= Work request =
Every line below must be copied as written, except for pictures.

_____

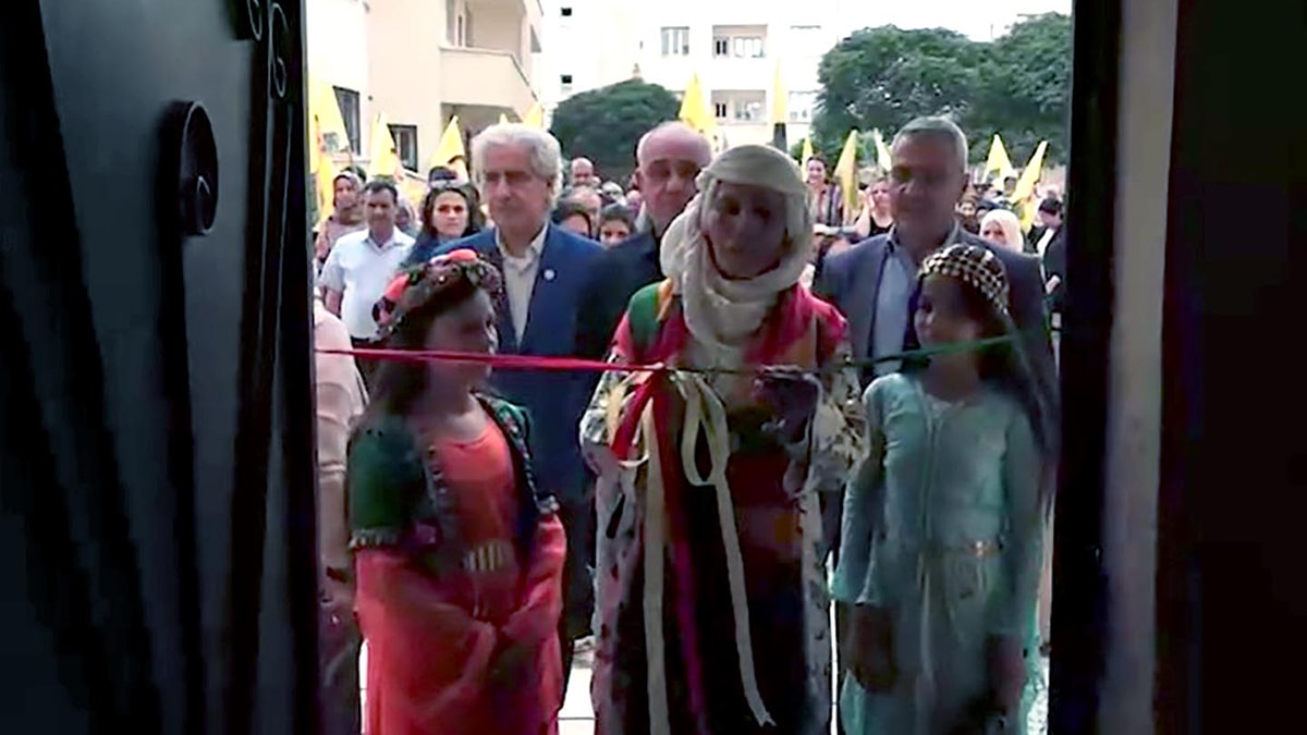 Binaya teröristbaşı Öcalan’ın resminin bulunduğu tabela asılırken, açılış kurdelesini ise PKK-YPG saflarında öldürülen üç teröristin annesi Halime Reşo yaptı. Açılış sonrasında derneğe gelen ziyaretçilere evlerine asmaları için Abdullah Öcalan’ın posterleri dağıtıldı. Aynı isimle kısa süre önce de Mardin’in Nusaybin ilçesinin karşısındaki Kamışlı ile Halep kentinde açılışlar yapılmıştı.
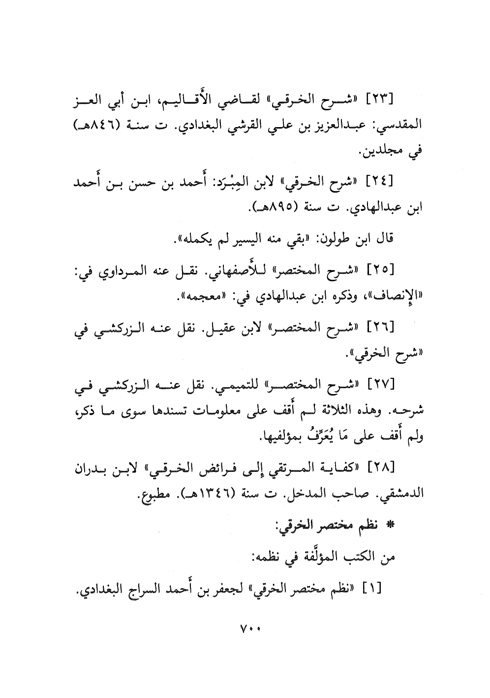 ١- " نظم مختصر الخرقي " لجعفر بن أحمد السراج البغدادي.
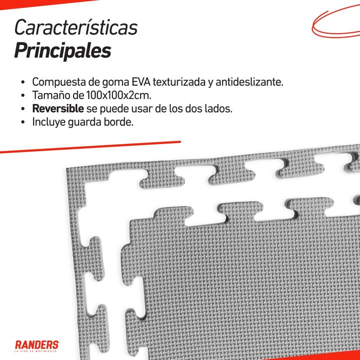 Piso Goma Yoga Encastrable Gris|Negro 100x100x2cm Randers
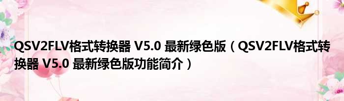 QSV2FLV格式转换器 V5.0 最新绿色版(QSV2FLV格式转换器 V5.0 最新绿色版功能简介)
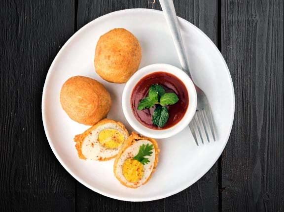 Boiled eggs coated with besan (legume flour) batter, deep fried & served with onions.
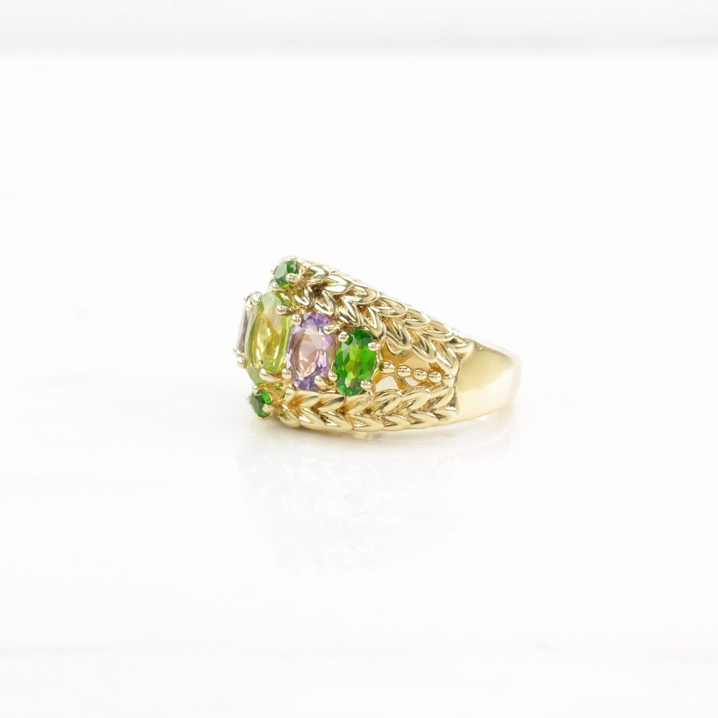 Vintage Michelle Albala Silver Ring Peridot Amethyst, Chrome Diopside Sterling Size 5
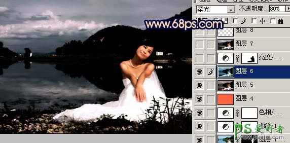 8、新建一个图层,E盖印图层,按Ctrl + Shift + U去色,执行:滤镜 > 模糊 > 高斯模糊,数值为5,确定后再按Ctrl + B调下色彩平衡,把青色调到最大,蓝色适当调大一点,然后把图层混合模式改为“柔光”,图层不透明度改为:80%,图层及效果如图13。
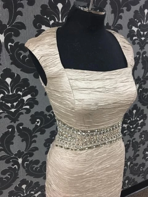 Eliza J Tan Textured Size 6 Cap Sleeve Cocktail Beaded Waistline

_____

= Solution for this problem =
 Binaya teröristbaşı Öcalan’ın resminin bulunduğu tabela asılırken, açılış kurdelesini ise PKK-YPG saflarında öldürülen üç teröristin annesi Halime Reşo yaptı. Açılış sonrasında derneğe gelen ziyaretçilere evlerine asmaları için Abdullah Öcalan’ın posterleri dağıtıldı. Aynı isimle kısa süre önce de Mardin’in Nusaybin ilçesinin karşısındaki Kamışlı ile Halep kentinde açılışlar yapılmıştı.
 ١- " نظم مختصر الخرقي " لجعفر بن أحمد السراج البغدادي.
 Piso Goma Yoga Encastrable Gris|Negro 100x100x2cm Randers
 QSV2FLV格式转换器 V5.0 最新绿色版(QSV2FLV格式转换器 V5.0 最新绿色版功能简介)
 Boiled eggs coated with besan (legume flour) batter, deep fried & served with onions.
 Vintage Michelle Albala Silver Ring Peridot Amethyst, Chrome Diopside Sterling Size 5
 8、新建一个图层,E盖印图层,按Ctrl + Shift + U去色,执行:滤镜 > 模糊 > 高斯模糊,数值为5,确定后再按Ctrl + B调下色彩平衡,把青色调到最大,蓝色适当调大一点,然后把图层混合模式改为“柔光”,图层不透明度改为:80%,图层及效果如图13。
 Eliza J Tan Textured Size 6 Cap Sleeve Cocktail Beaded Waistline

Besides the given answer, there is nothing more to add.